G-tests are a likelihood ratio tests and the G statistic is sometimes referred to as G\(^2\).
result = counts.G_fit()
result
G | df | pvalue |
---|---|---|
117.487 | 3 | 2.68e-25 |
A | C | G | T | |
---|---|---|---|---|
Observed | 887.00 | 547.00 | 623.00 | 535.00 |
Expected | 648.00 | 648.00 | 648.00 | 648.00 |
Residuals | 9.39 | -3.97 | -0.98 | -4.44 |
The statistic, degrees of freedom and associated \(p\)-value are all accessible as attributes on the result
object.
result.pvalue
2.6826158015006287e-25
8.13.1.2. Tests of independence#
We can also get to this result via specifying the rows as a list of lists. In doing this, we must add the row label to each row.
rows = [["A", 887, 535],
["G", 623, 547]]
We can then create a table from this, by specifying the column header and (importantly) indicating which column corresponds to the row index.
from cogent3 import make_table
table = make_table(["", "+", "-"], data=rows, index_name="")
table
+ | - | |
---|---|---|
A | 887 | 535 |
G | 623 | 547 |
2 rows x 3 columns
The table.to_categorical()
method returns a CategoryCounts
instance.
ssymm = table.to_categorical()
ssymm
+ | - | |
---|---|---|
A | 887 | 535 |
G | 623 | 547 |
+ | - | |
---|---|---|
A | 828.4028 | 593.5972 |
G | 681.5972 | 488.4028 |
+ | - | |
---|---|---|
A | 2.0359 | -2.4051 |
G | -2.2445 | 2.6515 |
In this type of test, our null hypothesis is that our counts occur independently of specific combinations of categories. Let’s assess whether the DNA sequence from which those counts were derived was strand symmetric. The null hypothesis (\(H_o\)) is that base counts satisfy the following: A=T, G=C. The alternate hypothesis (\(H_a\)) is they don’t, i.e. A≠T, G≠C.

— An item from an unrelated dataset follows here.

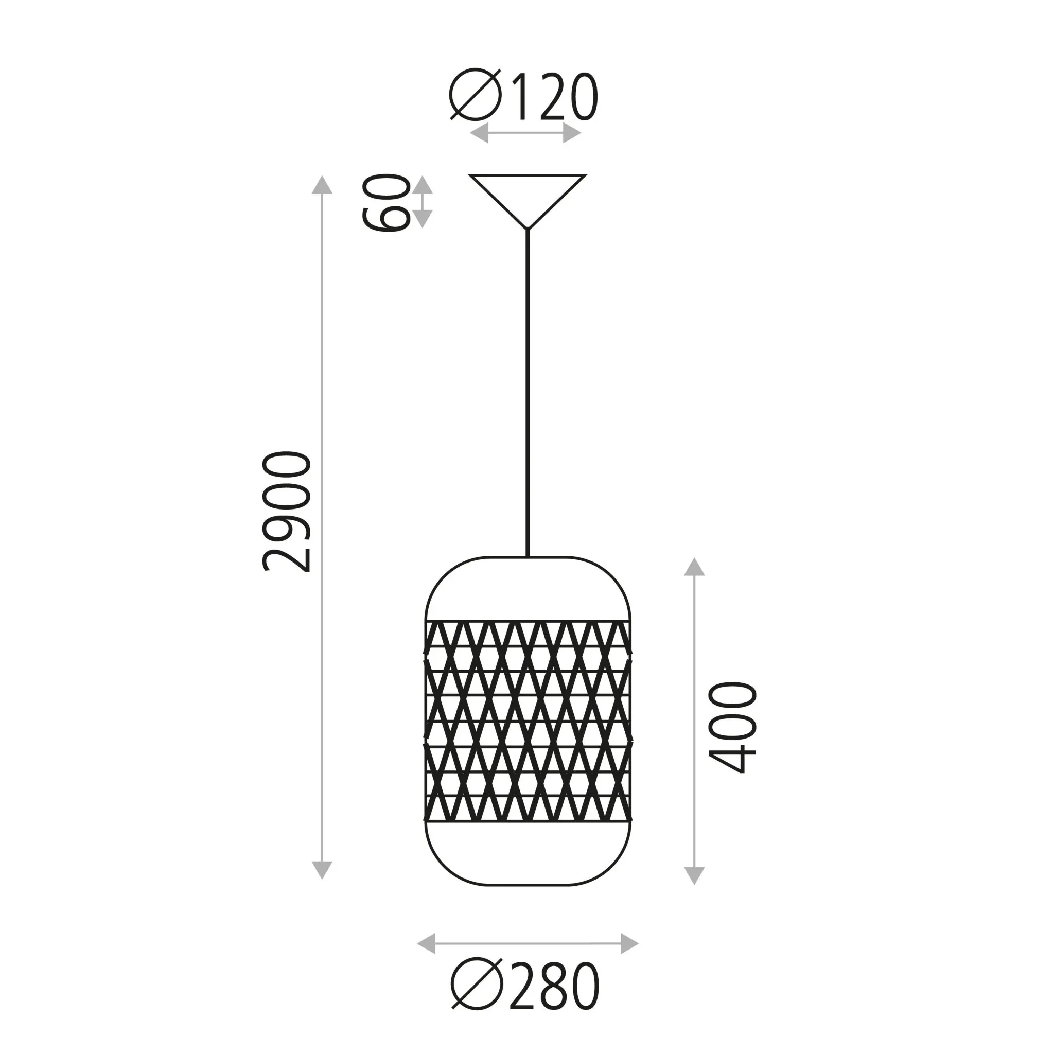 Esta lámpara colgante dispone de un florón negro de metal y un cable también negro que se puede regular fácilmente ofreciéndonos una altura máxima de 290 cm.

In this case, we need a 2x2 table with strand on one axis and base on the other. I pick the purines as my bases on the plus strand, these will be the top-level keys in my 2D dict. The value for each base is a dict with the counts of that base on the plus and minus strands. To reiterate, the keys in the top level dict will become the row labels. The nested dict’s must all have the same keys and those keys become the column labels.
data = {"A": {"+": 887, "-": 535}, "G": {"+": 623, "-": 547}}
This can now be used to construct a CategoryCounts
object.
ssymm = CategoryCounts(data)
ssymm
+ | - | |
---|---|---|
A | 887 | 535 |
G | 623 | 547 |
+ | - | |
---|---|---|
A | 828.4028 | 593.5972 |
G | 681.5972 | 488.4028 |
+ | - | |
---|---|---|
A | 2.0359 | -2.4051 |
G | -2.2445 | 2.6515 |
We use the G_independence()
test to assess the null that the cell counts occur as simply the product of the probabilities of their corresponding categories.

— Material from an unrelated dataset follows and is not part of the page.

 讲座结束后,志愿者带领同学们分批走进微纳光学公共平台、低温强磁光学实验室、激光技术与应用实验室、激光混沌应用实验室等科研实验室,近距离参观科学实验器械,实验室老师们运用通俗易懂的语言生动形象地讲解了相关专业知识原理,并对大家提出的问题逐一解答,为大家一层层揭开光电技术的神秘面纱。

result = ssymm.G_independence()
result
G | df | pvalue |
---|---|---|
21.975 | 1 | 2.76e-06 |
+ | - | |
---|---|---|
A | 887 | 535 |
G | 623 | 547 |
+ | - | |
---|---|---|
A | 828.4028 | 593.5972 |
G | 681.5972 | 488.4028 |
+ | - | |
---|---|---|
A | 2.0359 | -2.4051 |
G | -2.2445 | 2.6515 |
We reject \(H_o\) in this case and conclude the sequence is strand-asymmetric with respect to nucleotides.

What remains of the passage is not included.